After marriage, GOD has put us into accepting his challenge. Financially, emotionally, and spiritually. We have gone through the ups and downs. These 3 yrs+ has been full of challenge. But I believe that things happened for a purpose. It makes us stronger and better. In the first 2 yrs of marriage, we have decided not to have kids first because financially we are still not stable. There are the house, the renovations and furniture, the cars, the bills etc. Living on our own had made us realized that our parents had done so much for us without us realizing it. Suddenly the questions of who is going to pay the bills, how much $ do we have to do this and that, whose turn to clean the house and arguments like I want it to look like this and that, where did you put the stuff...all came together.
Well my friends, if you think this will go away, it wont! But, the good news is, we learn to sit down and plan, communicate, and set priorities. Thank GOD that we are much better now. Sometimes little arguments can't be avoid but I guess it adds spices into our life.
And then, when we finally got settled down and wanted to have kids, we never expected that things will turn out the other way. 2 miscarriages in 2 yrs, with a cyst operation in between that got me in and out of hospital a few times is not something that we will foresee or expect. Emotionally, we were hurt. I was quite down after my 2nd miscarriage which was recently in April. Having thought that the pregnancy was good, with morning sickness and passed the 1st trimester, I really thought this is going to be it. And suddenly, one day after my doctor visit, I wasn't feeling too well and with tummy pain towards the evening and night, I finally didn't managed to get through. It happened in my own bedroom after the ward doctor sent me home when I went in in the early morning at 3+a.m. She says there is nothing that she can do except for me to lye straight on the bed. 30 mins after I reached home, my baby came out and my hubby, sister, aunt and uncle opposite had to carry me down from the stairs and send me to the hospital again. It was such a trauma that I wouldn't want to go through the experience again. ( I thought I told myself the 1st time I had my miscarriage, same symptom, same result )

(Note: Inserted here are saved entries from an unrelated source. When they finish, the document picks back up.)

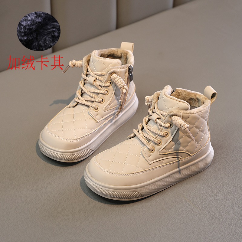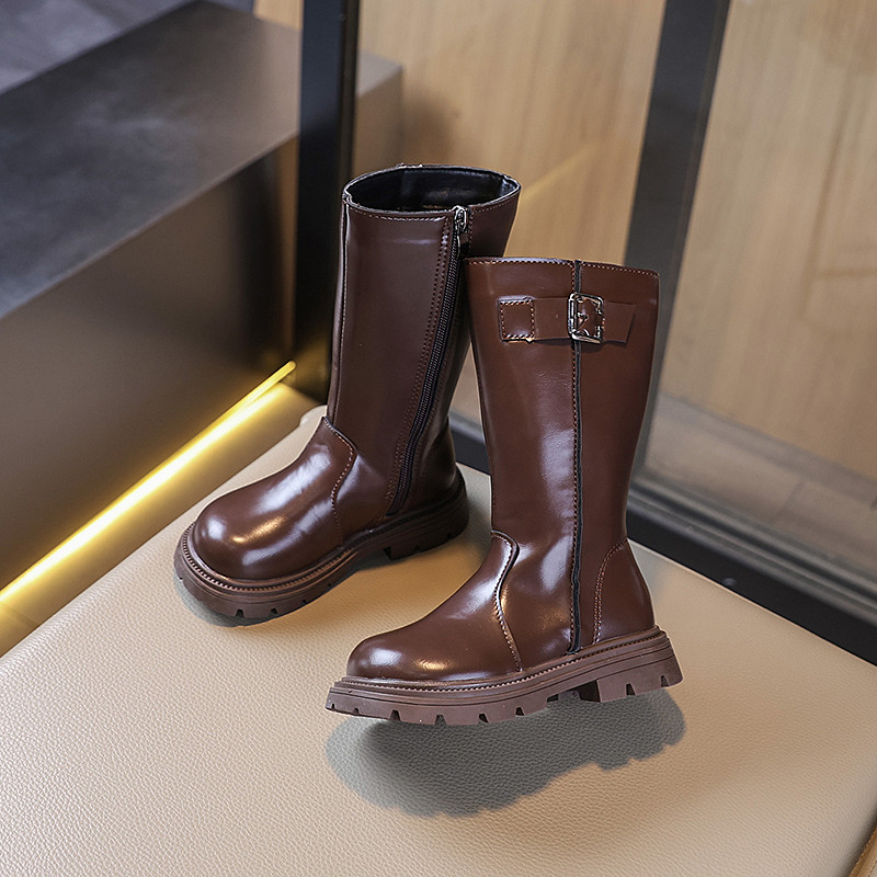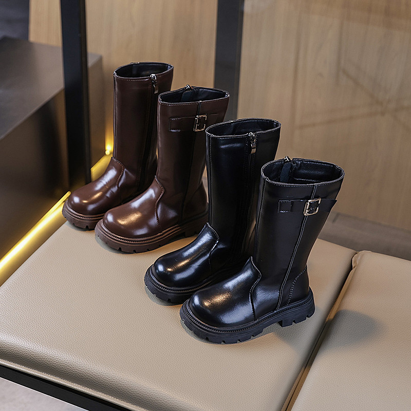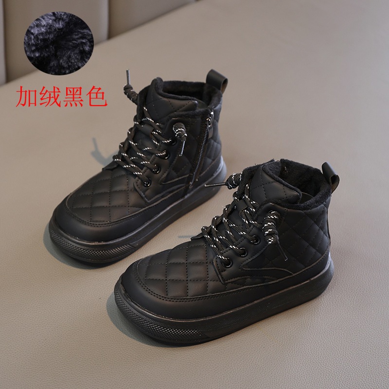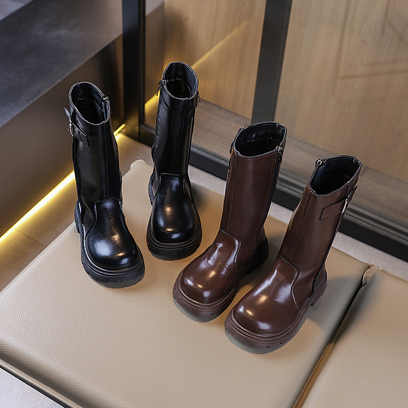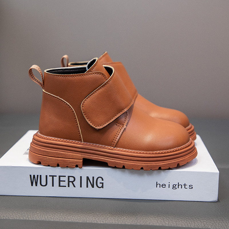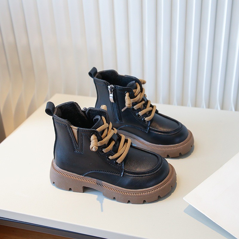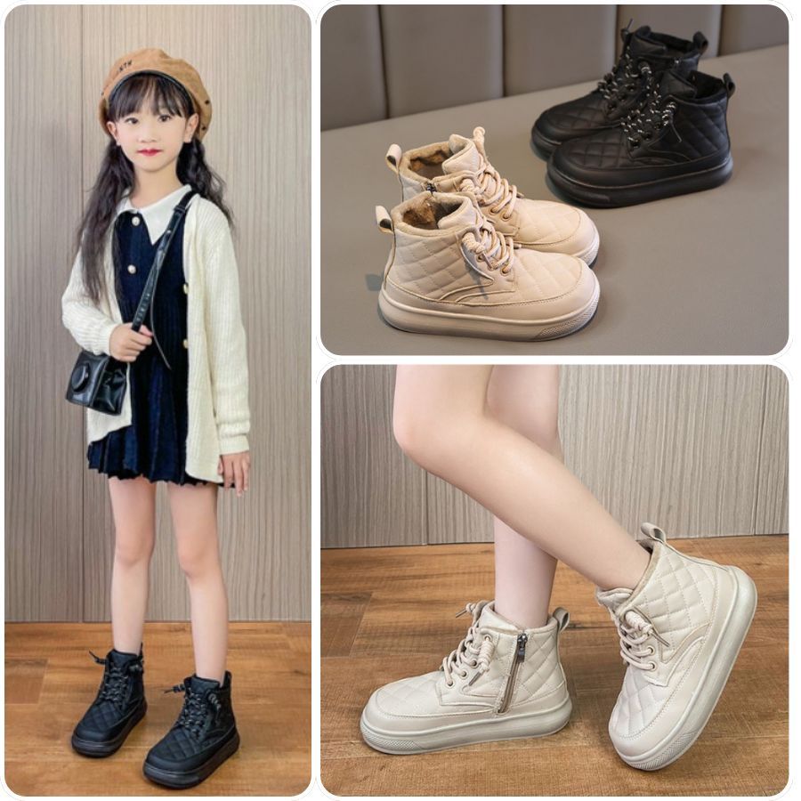 รหัส 1421 ❤️ส่งจากไทย ส่งไว ทันใจ ❤️รองเท้าบูทหนังเด็กข้อสั้นบุขน ใส่อุ่น เป็นงานนำเข้าจากเกาหลี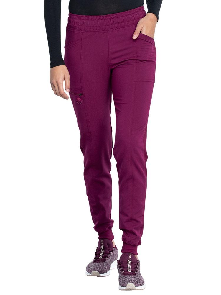This women's Contemporary fit, comfortable, and functional mid rise pull-on jogger pant features a straight leg, a rib-knit waistband with encased elastic, and an inside drawstring for full waist support. The pant features numerous pockets for all of your storage needs, including two front pockets, one cargo pocket, one hidden zipper pocket, and two back pockets. Additional features include a decorative right side utility loop and a Dickies tonal woven label. Inseams are as follows: 27 1/2" - Petite, 30" - Regular, 33" - Tall. Leg Opening: 15".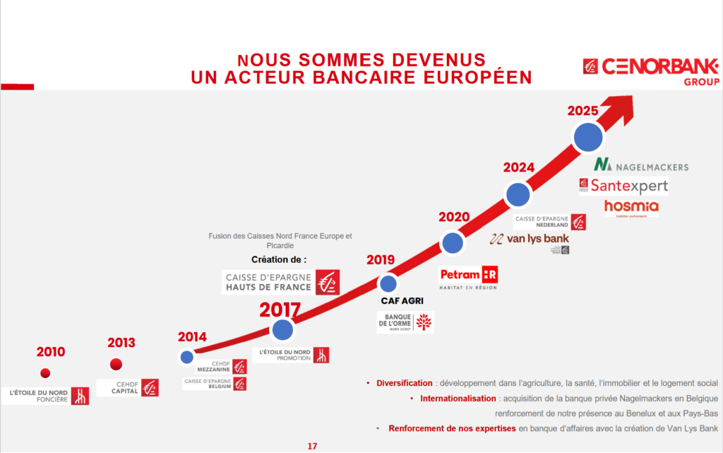La Caisse d’Épargne Hauts-de-France a décidé de regrouper ses différentes activités sous la marque institutionnelle CENORBANK l’ensemble de ses activités. Sa diversification se poursuit et s’assortit de résultats financiers qui atteignent un niveau historique. L’an dernier, elle a enregistré un produit net bancaire (PNB) de 865 millions d’euros, en hausse de 26 % par rapport à 2024, pour un résultat net de 206 millions d’euros (+ 29 % dont 7 % à l’international). La deuxième caisse du réseau après la Caisse d’ Épargne Ile-de-France s’approche donc du milliard d’euros de PNB (1,2 milliard d’euros pour CEIDF en 2024). Le groupe CENORBANK emploie 4 500 personnes et dispose d’un réseau de 300 agences ou centres d’affaires. Il compte 1 million de clients particuliers (+ 36 000 en 2025) ainsi que 44 000 clients professionnels et entreprises (+ 4 000 l’an dernier).

I remember 1 thing that my husband said when I had my miscarriage. He says, its OK. I'm more worried about you. "When the baby came out while the doctor was with you ( during my 1st miscarriage), all I want to do is just to come to you and see if you are OK". After my 2nd incident, he even asked me whether I would consider adopting a child as he doesn't want to see me going through the same pain again. Here is what I want to say dear, Thanks but its OK. I will keep trying. I am looking forward for my future kids. I know I'll definitely have a healthy baby, with your care, support, and prayers from family and friends.
Today, after 9 yrs, we are happy. We continue to strive and work hard for what we want in life, and we know where we are going in life. Things might not be ideal now, but with hope, we know that every day is meaningful to us and I love to be with this man forever.